Following the furor over the new Facebook Beacon product, the company has decided to back-off and offer a complete opt-out to the product. Mark Zuckerberg explains on the Facebook blog:
Facebook has succeeded so far in part because it gives people control over what and how they share information. This is what makes Facebook a good utility, and in order to be a good feature, Beacon also needs to do the same. People need to be able to explicitly choose what they share, and they need to be able to turn Beacon off completely if they don’t want to use it.
This has been the philosophy behind our recent changes. Last week we changed Beacon to be an opt-in system, and today we’re releasing a privacy control to turn off Beacon completely. You can find it here. If you select that you don’t want to share some Beacon actions or if you turn off Beacon, then Facebook won’t store those actions even when partners send them to Facebook.

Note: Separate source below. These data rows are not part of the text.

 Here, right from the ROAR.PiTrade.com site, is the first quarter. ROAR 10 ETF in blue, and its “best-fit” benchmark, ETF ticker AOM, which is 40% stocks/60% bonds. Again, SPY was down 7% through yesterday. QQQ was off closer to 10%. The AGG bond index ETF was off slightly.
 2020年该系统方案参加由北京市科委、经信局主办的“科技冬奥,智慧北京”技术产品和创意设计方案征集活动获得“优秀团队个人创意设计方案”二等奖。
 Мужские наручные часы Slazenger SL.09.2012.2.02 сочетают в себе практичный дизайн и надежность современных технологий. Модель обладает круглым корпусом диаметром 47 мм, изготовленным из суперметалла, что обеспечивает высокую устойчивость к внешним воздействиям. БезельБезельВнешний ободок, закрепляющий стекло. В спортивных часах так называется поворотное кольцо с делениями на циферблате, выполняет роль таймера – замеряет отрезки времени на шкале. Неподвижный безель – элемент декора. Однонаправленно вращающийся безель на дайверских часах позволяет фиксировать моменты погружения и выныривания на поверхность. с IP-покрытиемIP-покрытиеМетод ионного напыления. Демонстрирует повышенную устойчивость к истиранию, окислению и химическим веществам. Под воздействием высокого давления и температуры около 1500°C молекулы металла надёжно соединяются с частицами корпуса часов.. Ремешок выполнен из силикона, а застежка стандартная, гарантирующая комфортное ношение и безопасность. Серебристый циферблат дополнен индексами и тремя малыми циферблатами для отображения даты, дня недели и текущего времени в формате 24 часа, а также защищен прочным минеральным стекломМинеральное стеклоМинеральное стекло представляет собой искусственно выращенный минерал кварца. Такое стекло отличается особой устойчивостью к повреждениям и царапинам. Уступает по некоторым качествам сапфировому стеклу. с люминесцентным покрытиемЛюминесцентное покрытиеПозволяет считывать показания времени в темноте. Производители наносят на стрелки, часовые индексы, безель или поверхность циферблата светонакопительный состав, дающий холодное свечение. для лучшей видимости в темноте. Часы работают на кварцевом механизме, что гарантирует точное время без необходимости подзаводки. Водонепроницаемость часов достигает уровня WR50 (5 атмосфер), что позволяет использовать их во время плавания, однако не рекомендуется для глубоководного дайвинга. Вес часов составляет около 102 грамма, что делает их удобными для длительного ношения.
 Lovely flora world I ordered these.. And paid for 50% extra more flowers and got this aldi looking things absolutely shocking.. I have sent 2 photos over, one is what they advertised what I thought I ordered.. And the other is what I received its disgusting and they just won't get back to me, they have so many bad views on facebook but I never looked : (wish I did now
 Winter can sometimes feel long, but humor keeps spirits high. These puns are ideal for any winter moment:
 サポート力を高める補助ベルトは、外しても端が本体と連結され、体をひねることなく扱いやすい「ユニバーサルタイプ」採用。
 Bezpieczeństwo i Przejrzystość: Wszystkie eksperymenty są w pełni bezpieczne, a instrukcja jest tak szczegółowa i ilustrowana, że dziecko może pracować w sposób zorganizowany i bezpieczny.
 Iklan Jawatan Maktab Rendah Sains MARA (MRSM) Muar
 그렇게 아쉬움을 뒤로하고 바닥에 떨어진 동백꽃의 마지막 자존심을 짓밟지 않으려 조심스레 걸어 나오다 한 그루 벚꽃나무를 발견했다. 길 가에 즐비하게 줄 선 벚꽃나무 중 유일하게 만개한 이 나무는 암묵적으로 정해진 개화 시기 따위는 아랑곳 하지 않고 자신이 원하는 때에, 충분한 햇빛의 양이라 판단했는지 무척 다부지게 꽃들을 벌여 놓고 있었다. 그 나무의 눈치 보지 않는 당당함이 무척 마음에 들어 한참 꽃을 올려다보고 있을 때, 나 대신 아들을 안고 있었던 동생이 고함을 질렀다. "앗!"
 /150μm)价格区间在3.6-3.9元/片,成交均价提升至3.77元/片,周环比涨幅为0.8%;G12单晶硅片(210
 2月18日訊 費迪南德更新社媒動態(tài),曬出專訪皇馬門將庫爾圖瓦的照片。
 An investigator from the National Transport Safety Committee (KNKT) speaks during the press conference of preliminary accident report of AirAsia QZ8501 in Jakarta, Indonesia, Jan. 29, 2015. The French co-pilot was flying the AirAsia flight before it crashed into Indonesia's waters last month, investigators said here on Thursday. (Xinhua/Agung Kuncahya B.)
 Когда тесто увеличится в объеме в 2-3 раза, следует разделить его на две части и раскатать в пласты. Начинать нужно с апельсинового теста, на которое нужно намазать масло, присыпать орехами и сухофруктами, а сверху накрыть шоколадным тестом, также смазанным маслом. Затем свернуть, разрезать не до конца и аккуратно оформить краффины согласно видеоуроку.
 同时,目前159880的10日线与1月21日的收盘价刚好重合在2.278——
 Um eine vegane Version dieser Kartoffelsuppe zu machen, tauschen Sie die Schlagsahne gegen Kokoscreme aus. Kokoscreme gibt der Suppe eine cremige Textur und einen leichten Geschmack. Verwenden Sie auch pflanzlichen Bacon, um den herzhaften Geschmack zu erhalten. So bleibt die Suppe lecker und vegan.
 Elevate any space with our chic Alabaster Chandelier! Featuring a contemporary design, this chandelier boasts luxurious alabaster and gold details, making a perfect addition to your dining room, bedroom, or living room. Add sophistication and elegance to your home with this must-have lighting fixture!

What it means: as Scoble said yesterday, this is a perfect example of a badly handled PR situation. Facebook should have come out sooner to solve this obvious privacy issue. “Do the press conference. Admit you screwed up. Take your shots. Look into the camera and say you’re sorry.” said Scoble. I think the last straw was the fact that, even though you declined to share your information on Facebook, the info was still sent to Facebook from third-party web sites. This move should reassure most people but make sure you opt-out if you’re still worried.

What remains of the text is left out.